**PROBLEM TO WORK ON**
Go to the line containing "تصميم شعار محل" in the material below. From there to the end, retype every line exactly and drop the pictures.

[[ DATA SEGMENT open ]]

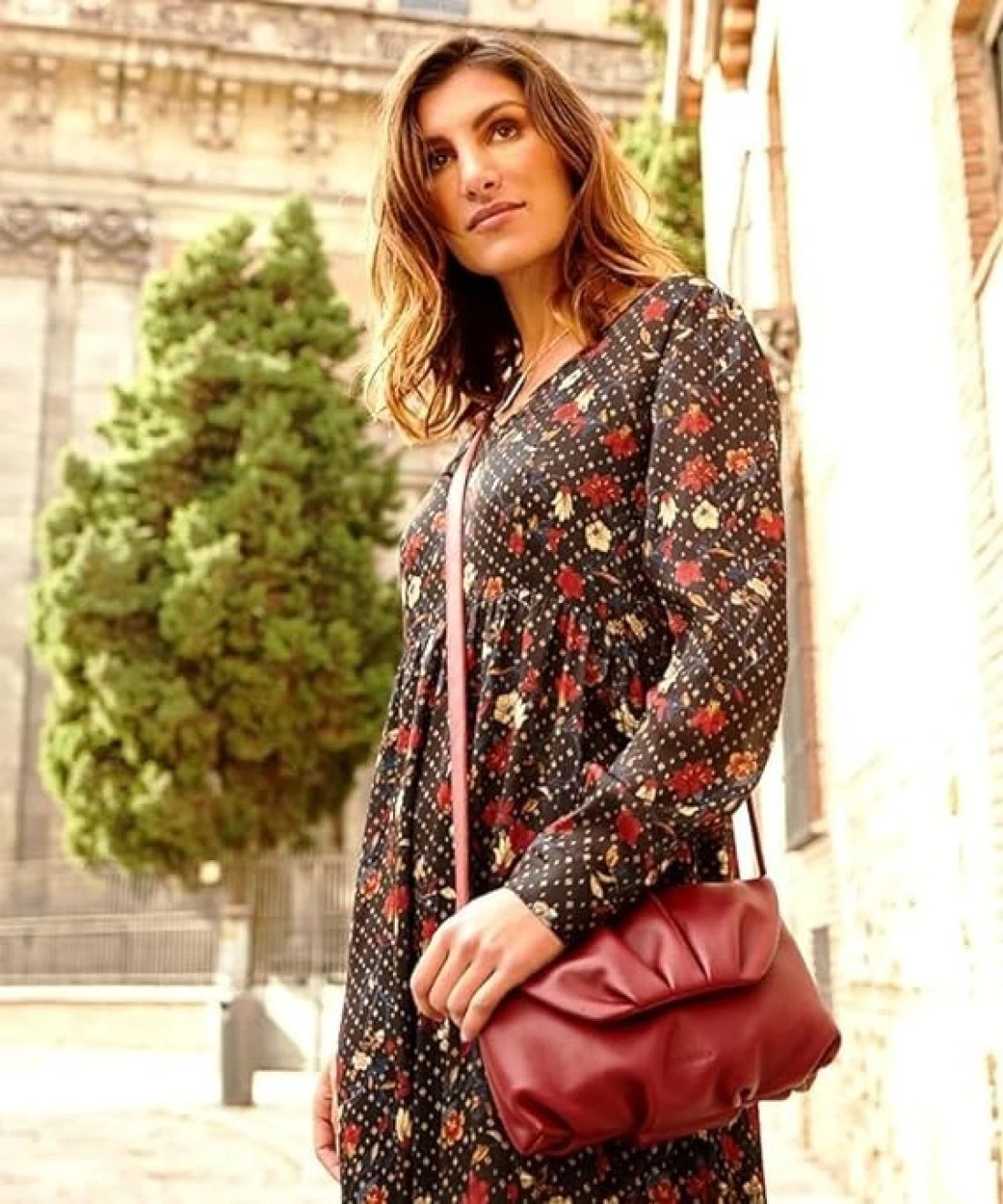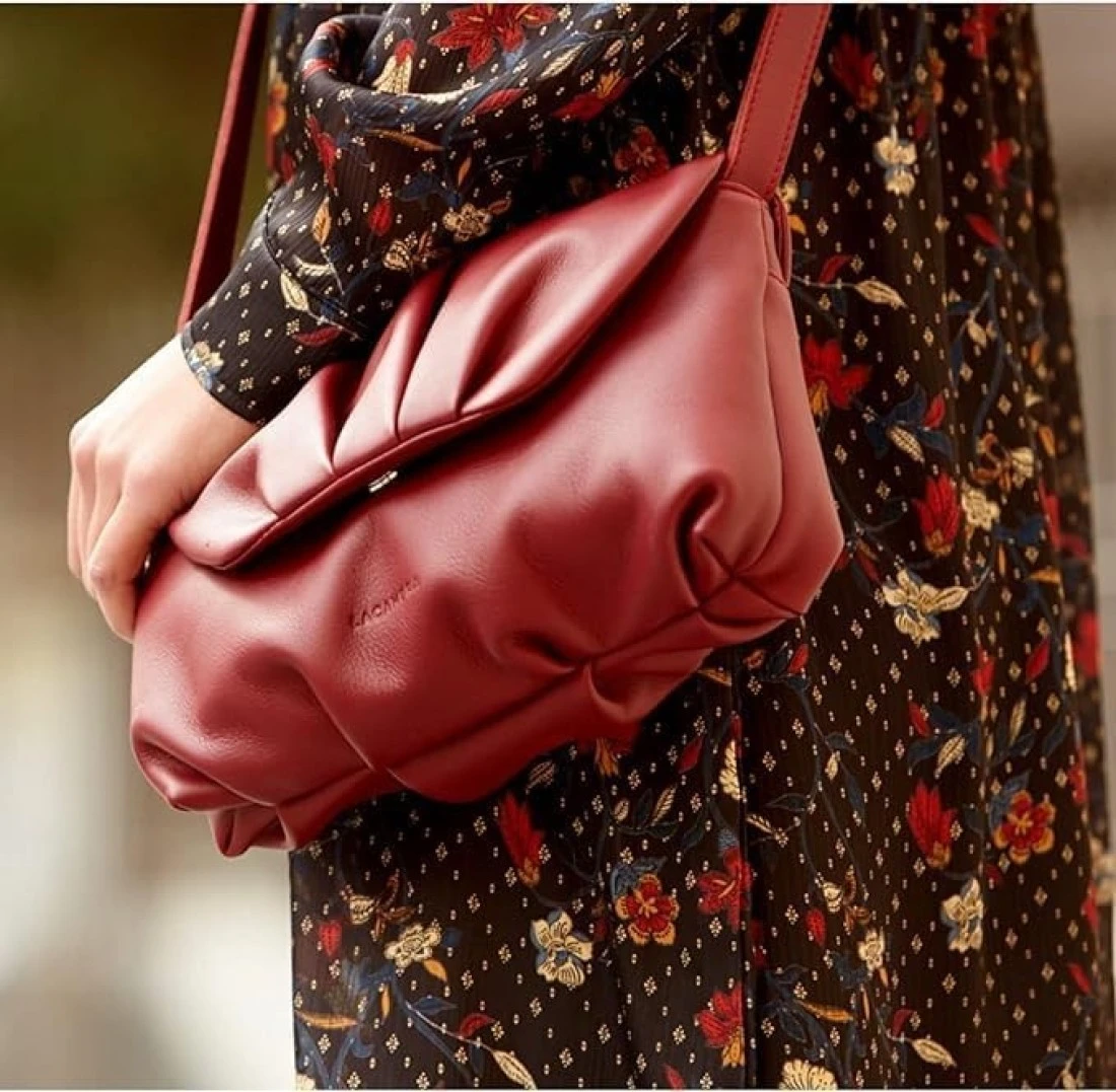 - Pleated LEATHER bag that can fit a mobile phone, wallet, keys, glasses, a notebook.
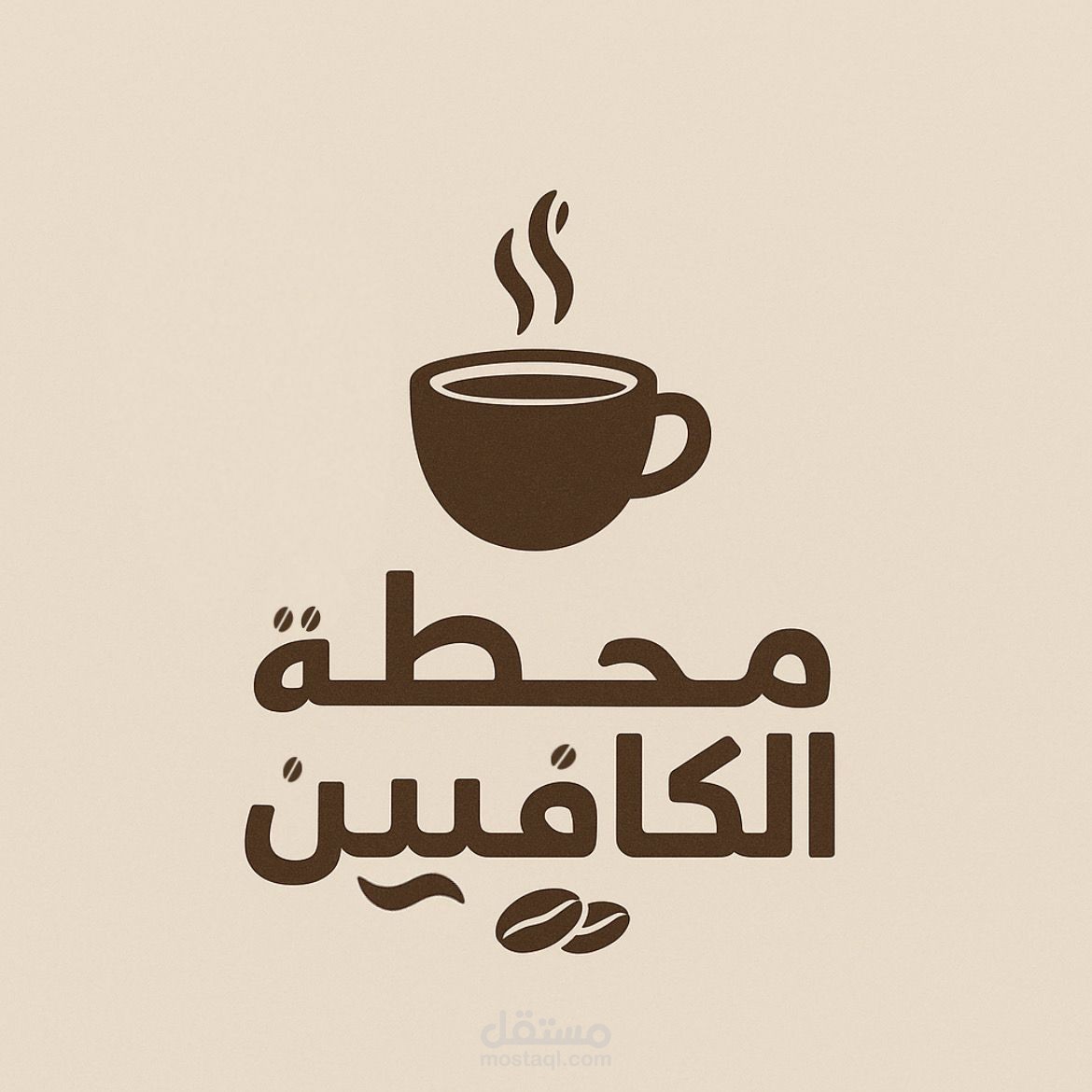 تصميم شعار محل قهوة كلاسيكي اسم المحل محطه الكافيين مع ادراج اسم المحل و كوب قهوة في الشعار
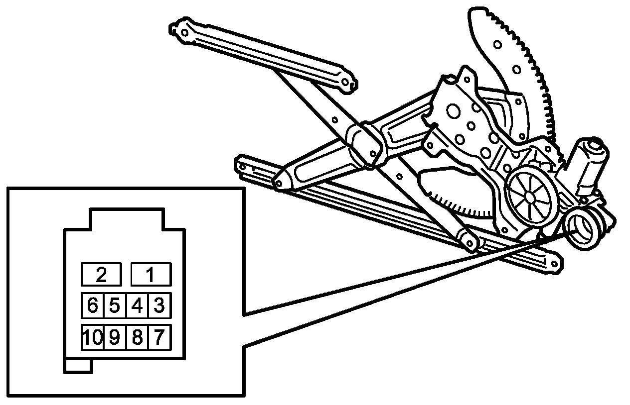 - Check front window regulator assembly with connectors disconnected from power window motor.
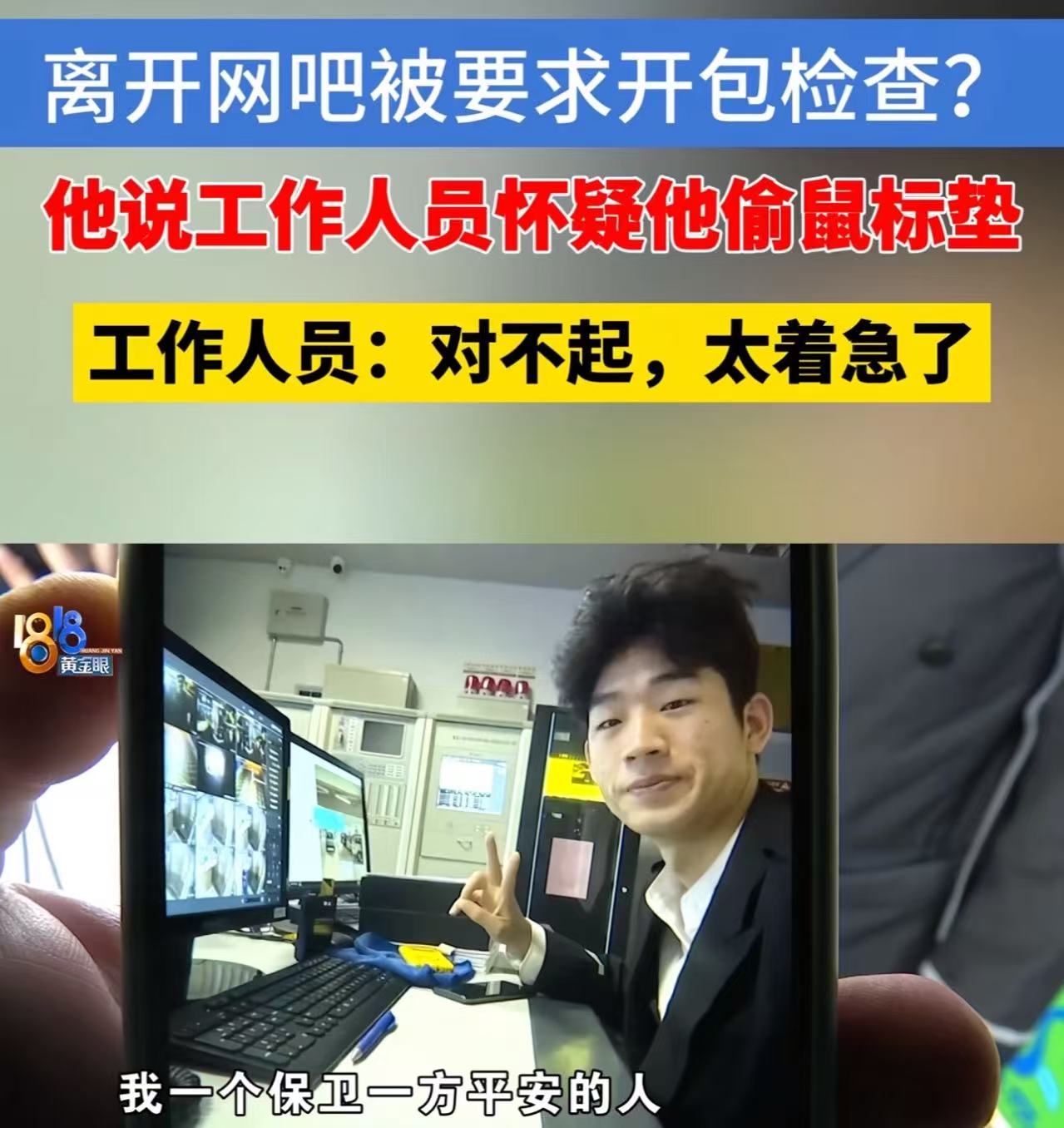 浙江杭州,“五星上将”保安,下班后去网吧上网,却被网吧老板质疑偷走鼠标垫,要求翻包检查!小伙:“作为保卫一方,防偷防盗的人,被质疑成小偷,实在是气不过!”

[[ DATA SEGMENT closed ]]

**WRITTEN REPLY**
 تصميم شعار محل قهوة كلاسيكي اسم المحل محطه الكافيين مع ادراج اسم المحل و كوب قهوة في الشعار
 - Check front window regulator assembly with connectors disconnected from power window motor.
 浙江杭州,“五星上将”保安,下班后去网吧上网,却被网吧老板质疑偷走鼠标垫,要求翻包检查!小伙:“作为保卫一方,防偷防盗的人,被质疑成小偷,实在是气不过!”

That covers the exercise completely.